As impressive as this cast is, though, Page threatens to run away with the show
as the fearlessly self-beatifying Jeffrey. He gets many of the best lines, and
seems to revel in playing off his own glittering Shakespearean résumé (though he
also was the Grinch in the Globe-sprung Broadway show). This might be a
career-maker if Page wasn't so established already.
After the giddy, slap-bang pace of the first act, where Beane condenses
practically half the movie into the first couple of numbers, the second act
feels stuck in New Haven (site of an out-of-town tryout). The number “Rhode
Island Is Famous for You” is as much sight gag as song (though with seriously
witty costumes), and with a show stretching to nearly three hours this might be
a place to trim.
Throughout, Beane salts in so many great lines it seems like cheating to quote
them; the crack about fuming producers up and leaving “with both sets of books”
is just one that got big laughs on opening night.

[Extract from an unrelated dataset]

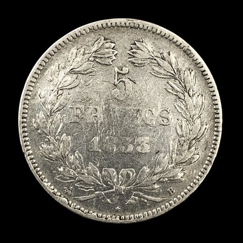 5 frankia - Louis-Philippe I1832-1843Kolikot › yleisesti kiertävät kolikotPrata 900‰ • 25 g • ⌀ 37 mmKM# 749, Franc 2014# 324, Gad 1789# 678, N# 3653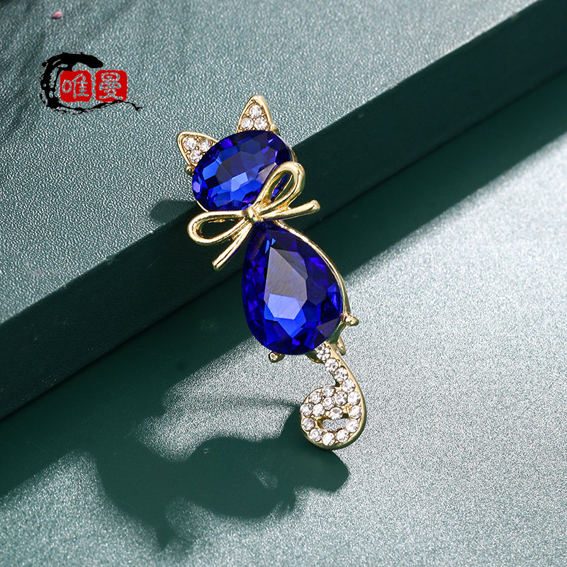 Cute blue crystal brooches with trendy cat designs from Japan and South Korea, diamond-encrusted, and unique designs. Sweet and elegant, popular online accessories

Warren Carlyle's choreography has old-fashioned panache, and Griffin directs
with a winning sense of backstage life – check the touching scene where Jeff's
dutiful, self-effacing right-hand man, Hal (elegantly engaging Benjamin Howes),
quietly mimics the dancers' moves from just behind the curtain.
Pleading his case for one awful ballet number, Byrd (a perfectly haughty La
Cause) says critics will love it.
“But not just critics – people!”
People – and others – oughta love this show, too.